• [Assigned task]
Below are some records. Write out the lines from the one containing "Touch ID: Magic" to the last line, word for word, leaving out pictures.

• [Supplied data]
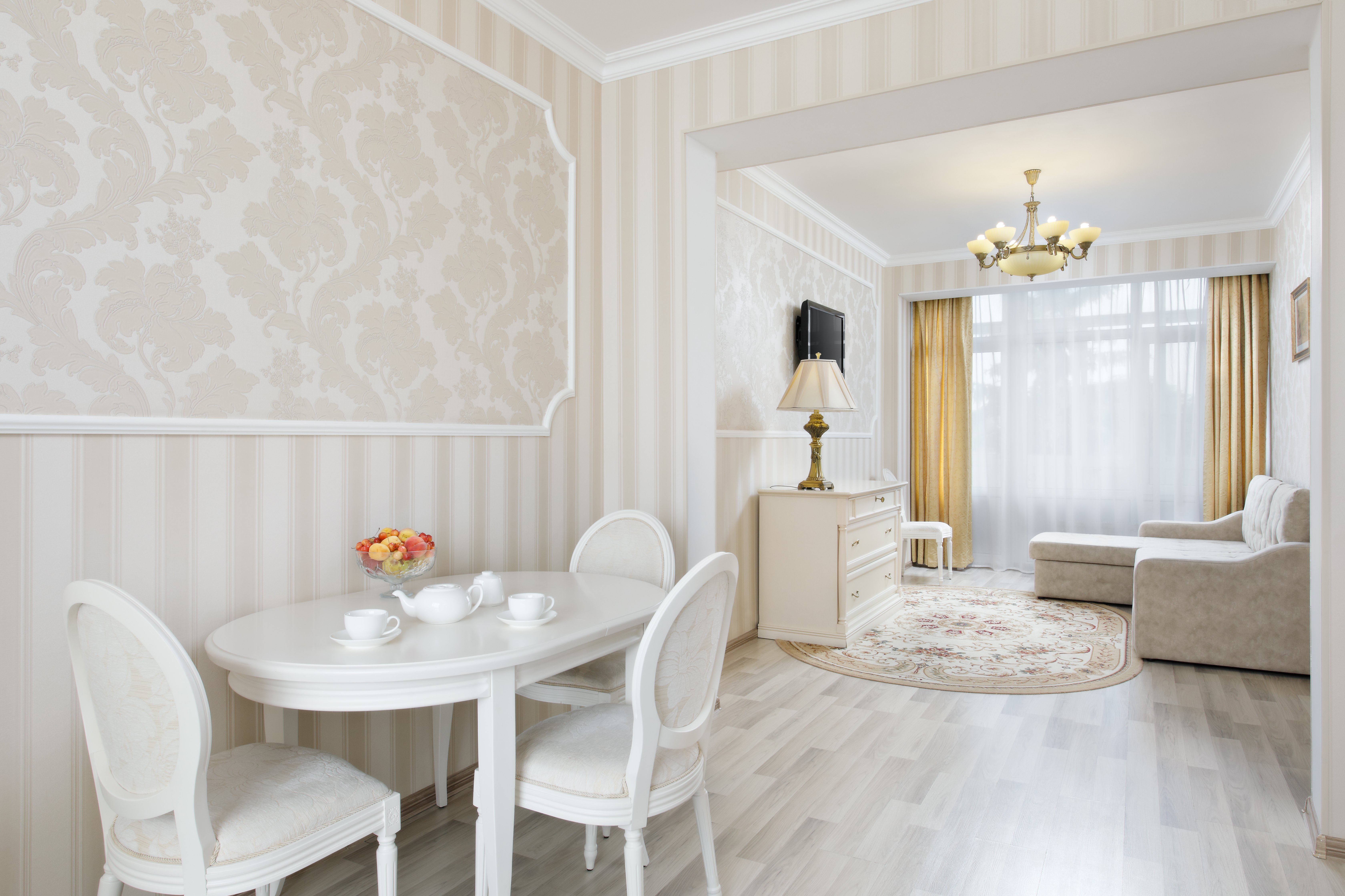 кровать двуспальная, набор мягкой мебели, стол, столик журнальный, стулья, тумба, шкаф
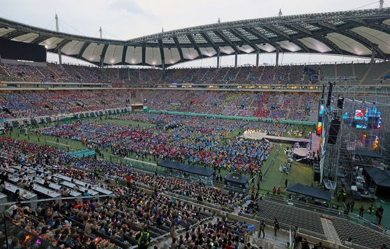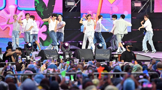 The "K-pop Super Live" concert began at 7 p.m. after the closing ceremony for the 25th World Scout Jamboree in western Seoul, the 12-day global scouts' event that had come under fire for its disappointing execution and hasty attempt to make up for the whole fiasco with the reputation of K-pop artists.
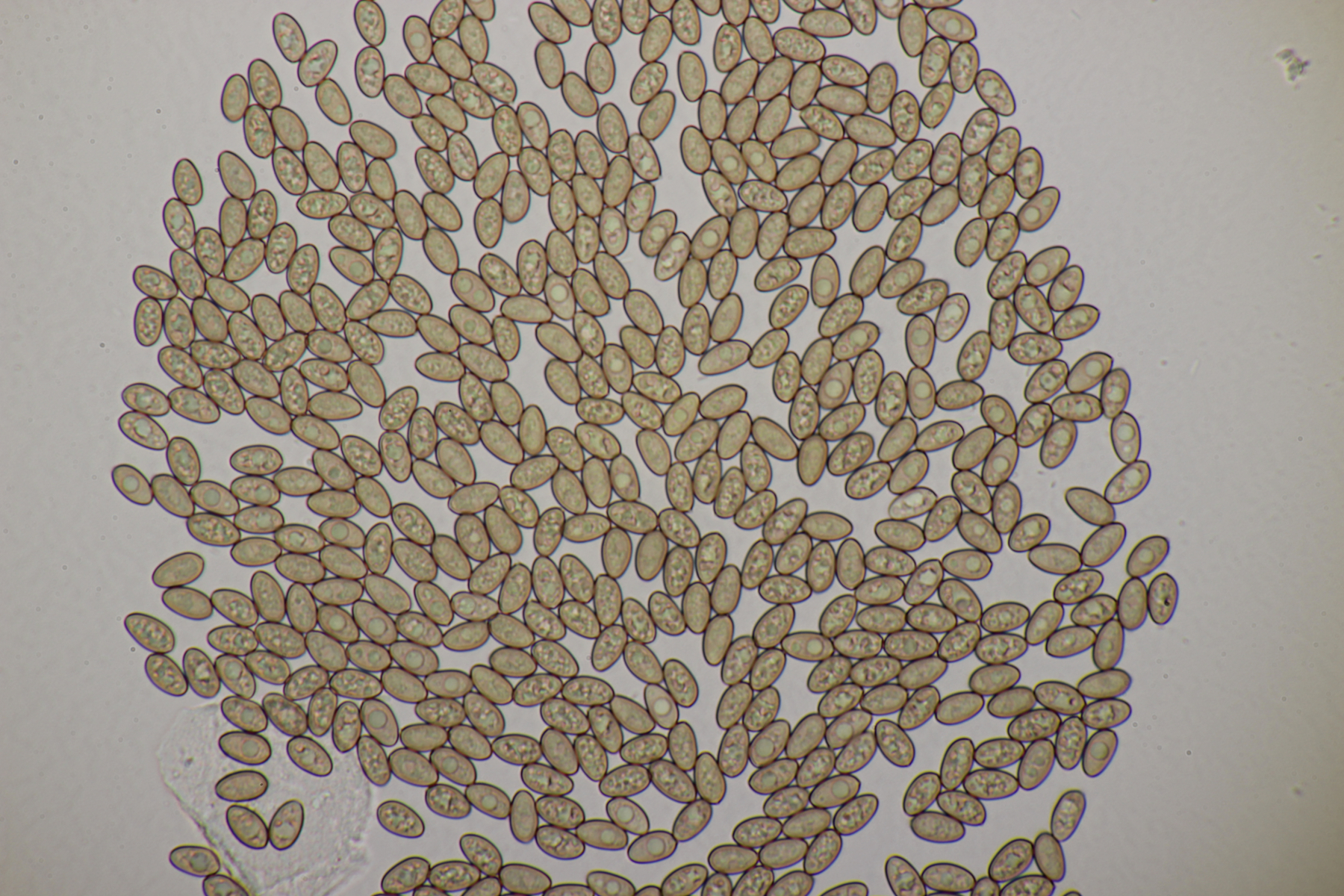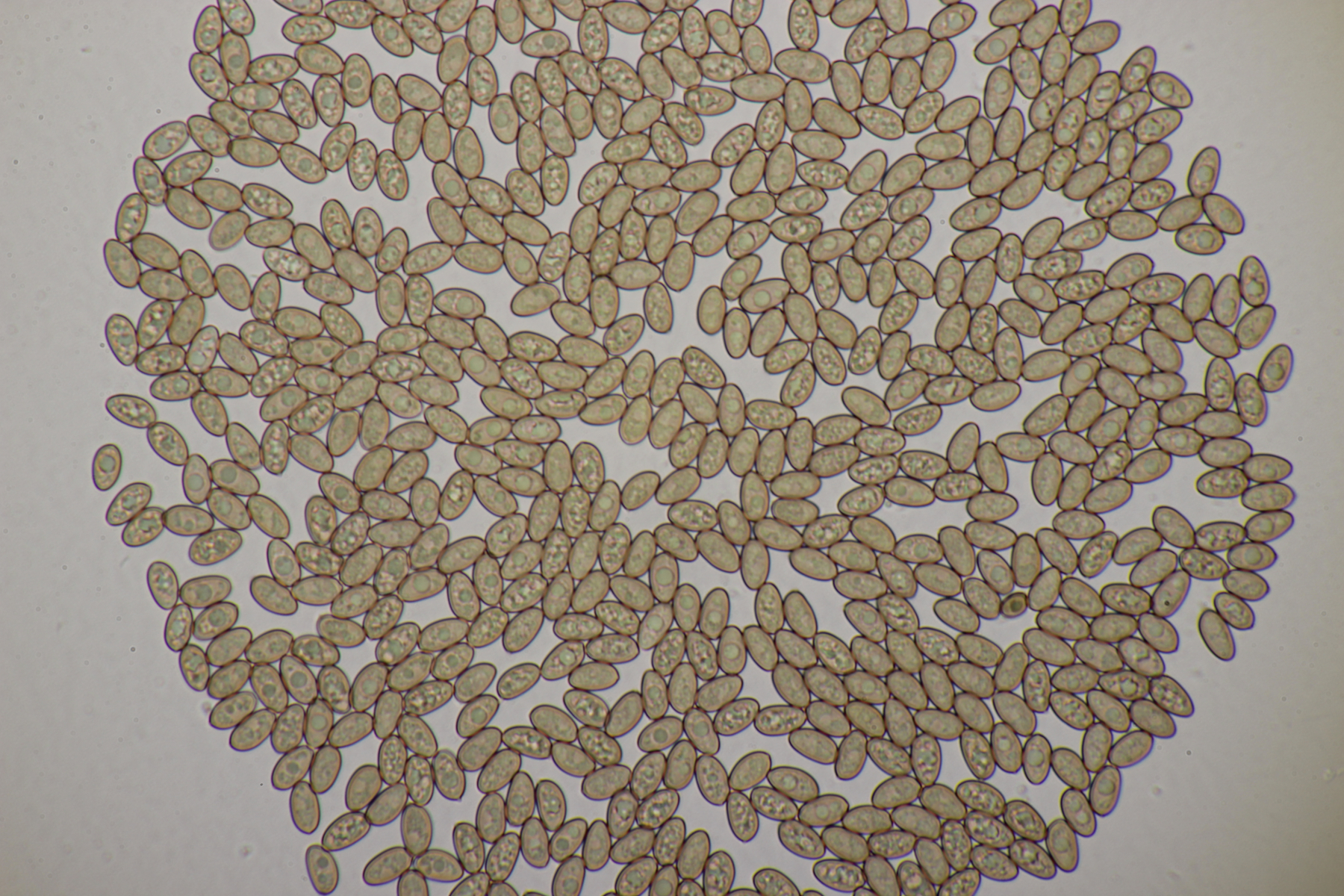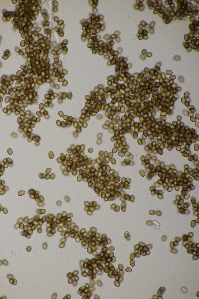 13. Stropharia caerulea. Sporengröße (8.6+-0.4) µm x (4.6+-0.2) µm, Q=1.9+-0.1
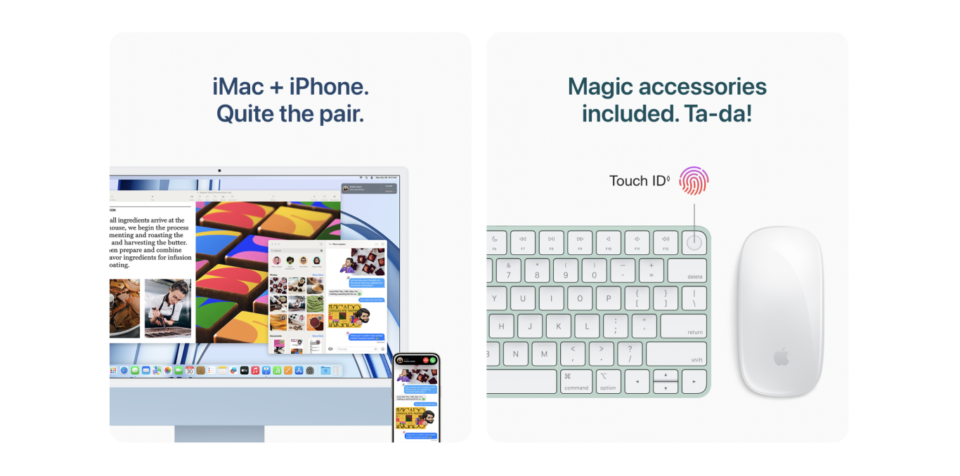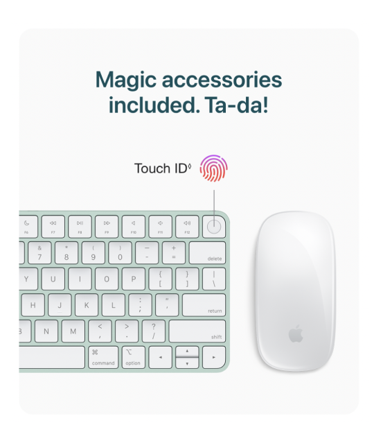 Touch ID: Magic Keyboard with Touch ID is included with iMac systems with 10‑core GPU and is available as an option on systems with 8‑core GPU.
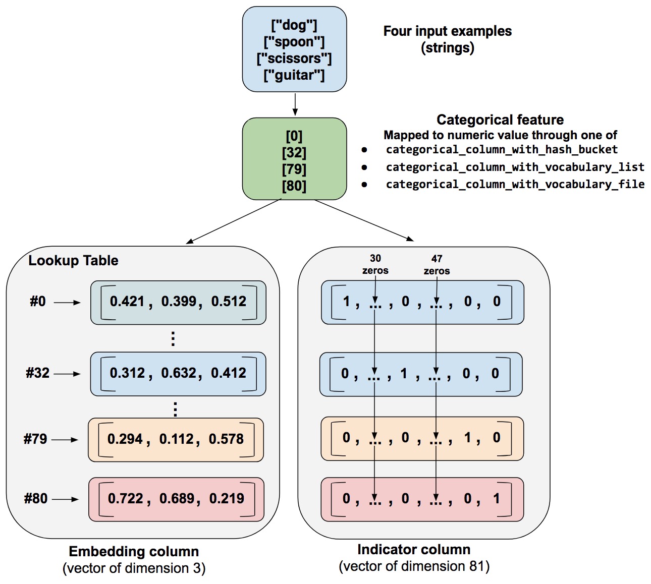 当一个样本被处理时,其中一个 categorical_column_with... 函数将样本字符串映射为数值的分类值。例如,一个方法将“勺子”映射为 [32]。(这里的 32 是我们假想的 - 实际值取决于映射函数。)接下来,你可以用如下两种方式来表示这些数值分类值:
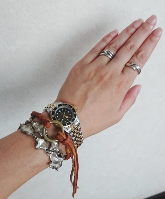 JUGEMテーマ:ジュエリー 最近、ブレスレットが気になります 今まで、あまり着けなかったので ほとんど持っていませんでしたから ネックレスで代用(シルバーの方)したりしてます(^▽^;) なんで急に気になり出したかと言うと 大汗をかくようになったから(^▽^;) 去年までは「二の腕が・・・」などと言って 躊躇していたノースリーブも 「そんなん言ってられない!」と 暑さと汗に負けて、今年はガンガン着ております。 ...
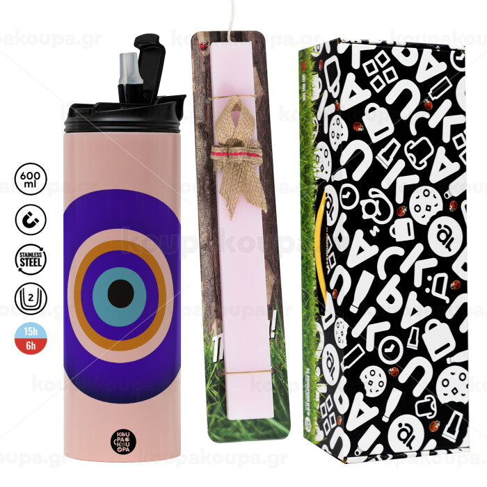 Το μάτι, Πασχαλινή Λαμπάδα με ΡΟΖ Travel Tumbler θερμό (600ml, BPA free) & κερί αρωματικό πλακέ (30cm) (ΡΟΖ)

• [Solution to the problem]
 Touch ID: Magic Keyboard with Touch ID is included with iMac systems with 10‑core GPU and is available as an option on systems with 8‑core GPU.
 当一个样本被处理时,其中一个 categorical_column_with... 函数将样本字符串映射为数值的分类值。例如,一个方法将“勺子”映射为 [32]。(这里的 32 是我们假想的 - 实际值取决于映射函数。)接下来,你可以用如下两种方式来表示这些数值分类值:
 JUGEMテーマ:ジュエリー 最近、ブレスレットが気になります 今まで、あまり着けなかったので ほとんど持っていませんでしたから ネックレスで代用(シルバーの方)したりしてます(^▽^;) なんで急に気になり出したかと言うと 大汗をかくようになったから(^▽^;) 去年までは「二の腕が・・・」などと言って 躊躇していたノースリーブも 「そんなん言ってられない!」と 暑さと汗に負けて、今年はガンガン着ております。 ...
 Το μάτι, Πασχαλινή Λαμπάδα με ΡΟΖ Travel Tumbler θερμό (600ml, BPA free) & κερί αρωματικό πλακέ (30cm) (ΡΟΖ)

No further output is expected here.